Quindi, la consapevolezza di agire in violazione dei doveri imposti tende a delimitare la rilevanza penale alle sole forme di diniego che non trovino alcuna plausibile giustificazione (Cass. Penale sez. 6^, 3 luglio 2000, De Riso e Esposito): nella specie quindi la Corte distrettuale ha argomentato correttamente quando ha rilevato la carenza della chiesta soggettività, ma ha tuttavia adottato una formula di proscioglimento inadeguata, in quanto ha ritenuto innanzitutto insussistente l’elemento oggettivo, che, invece, per le ragioni già dette, nella specie non poteva essere escluso. Infatti, la formula assolutoria, ampiamente liberatoria, “perchè il fatto non sussiste” presuppone che nessuno degli elementi, integrativi della fattispecie criminosa contestata, risulti provato; quando invece, come nella specie, sia stata accertata, sotto l’aspetto fenomenico, la sussistenza dell’elemento oggettivo del reato (quando cioè dalle risultanze processuali emerga che un fatto – corrispondente alla figura tipica di reato – sussiste), sicchè la sentenza si limiti ad affermare che nella condotta dell’imputato non si ravvisa l’elemento soggettivo, la formula da assumere è quella “perchè il fatto non costituisce reato” (Cass. Penale sez. 4^, 31479/2002, Rv. 222208;

7557/1992, Rv. 191335, P.M. in proc. Talpo).

La decisione impugnata va quindi annullata senza rinvio agli effetti civili, e la formula assolutoria adottata “perchè il fatto non sussiste” va sostituita con la diversa formula “perchè il fatto non costituisce reato”.

Quanto alla regolazione delle spese tra le parti, è noto che il regime adottato dal legislatore in via ordinaria, con l’art. 541 cod. proc. pen., comma 1, per il pagamento delle spese processuali in favore della parte civile costituita, attesa la sua pertinenza ad una domanda privatistica innestata nel giudizio penale, è fondato sul criterio di soccombenza, in analogia con quanto disposto all’art. 91 cod. proc. civ.. Tale analogia si estende peraltro alla possibilità di disporre la compensazione parziale o totale delle spese, quando ricorrano giusti motivi (ultima parte del citato art. 541 c.p.p., comma 1), così come previsto nel rito civile dall’art. 92 cod. proc. civ., comma 2.

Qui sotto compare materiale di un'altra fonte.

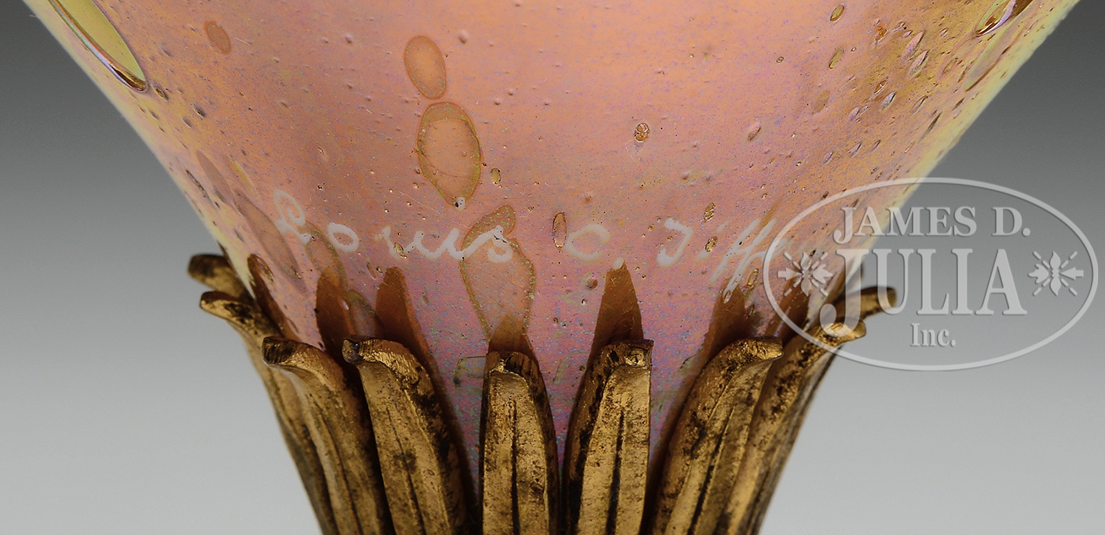 TIFFANY STUDIOS CYPRIOT LAMP BASE WITH SILK SHADE.Tiffany studios cast bronze lamp base has floral border around edge of the foot with stylized leaves holding the Tiffany Cypriot glass shaft. Shaft is topped with a bronze cap and stem leading to a two-socket cluster. The Cypriot shaft has bright gold iridescence with flashes of green and pink. Lamp is finished with a white pleated silk shade. Metal is finished in gold and gold dore. Metal is unsigned. Shaft signed on the side “Louis C. Tiffany-Favrile”. SIZE: Lamp is 25″ t. CONDITION: Very good to excellent. 5-68871 (2,500-3,000) – Lot 2523
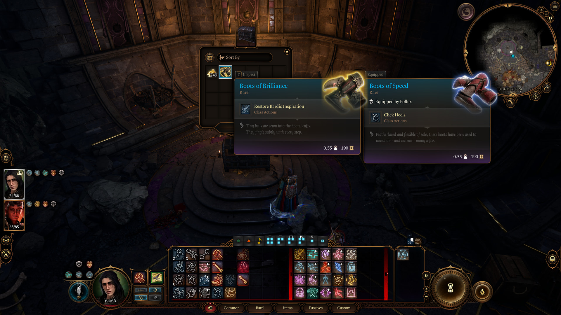 : There are some boots for Pollux here that let him restore a bardic inspiration charge, but are useless because he restores all his charges on a short rest.
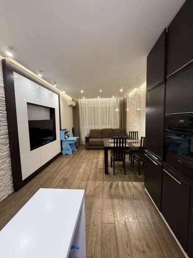 Пропонується світла та простора 2-кімнатна квартира в ЖК «Міністерський» на вулиці Юрія Кондратюка, 5. Оснащена сучасним дизайнерським ремонтом, меблями та технікою. В квартирі є автономне електропостачання. Комплекс має закриту територію з великим дитячим майданчиком, підземним паркінгом та магазинами. В будинку - генератор на ліфти та водопостачання, а також укриття в підвалі. Неподалік розташовані ліцей, лікарня та зручна транспортна розв'язка.
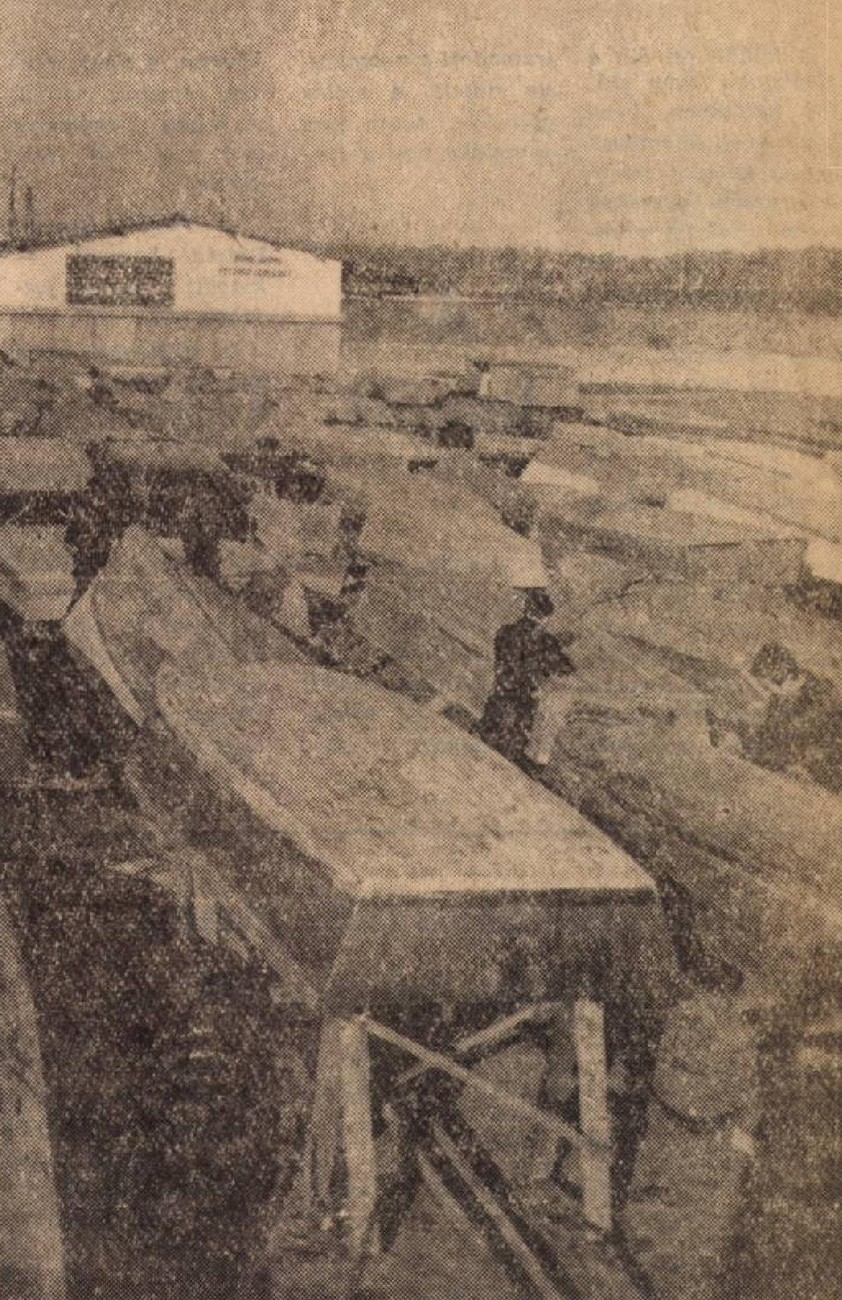 A Vasmű Horgász Egyesületének új horgásztanyája társadalmi munkával épül a Duna-parton. Társadalmi munkával készült az épület terve is. Képünk a tanyaépület homlokzatát ábrázolja a Duna felöl nézve. Az épülethez még egy tárolóhelyiség is tartozik, ahol öltöző és raktár lesz, sőt a helyiség csónakjavításra is szolgálhat. A B-jelzésű tarnyaépület víz felöli részén hosszú tornác húzódik, belül egyszobás tanyaőri lakás, négy vendégszoba, irodahelyiség és egy klubhelyiség nyer elhelyezést. A tanyaépület 32 méter hosszú lesz.

Orbene, avuto riguardo all’odierna fattispecie, appare opportuna una totale compensazione delle spese, considerata la peculiarità della situazione, idonea ad incidere sulla esatta conoscibilità a priori delle rispettive ragioni delle parti (cfr. in tale senso anche SS.UU. civili, 20598/2008, Rv. 604398).

P.Q.M.

annulla senza rinvio agli effetti civili la sentenza impugnata, sostituendo alla formula assolutoria adottata quella che il fatto non costituisce reato. Dichiara interamente compensate tra le parti le spese processuali.

Così deciso in Roma, il 27 febbraio 2009.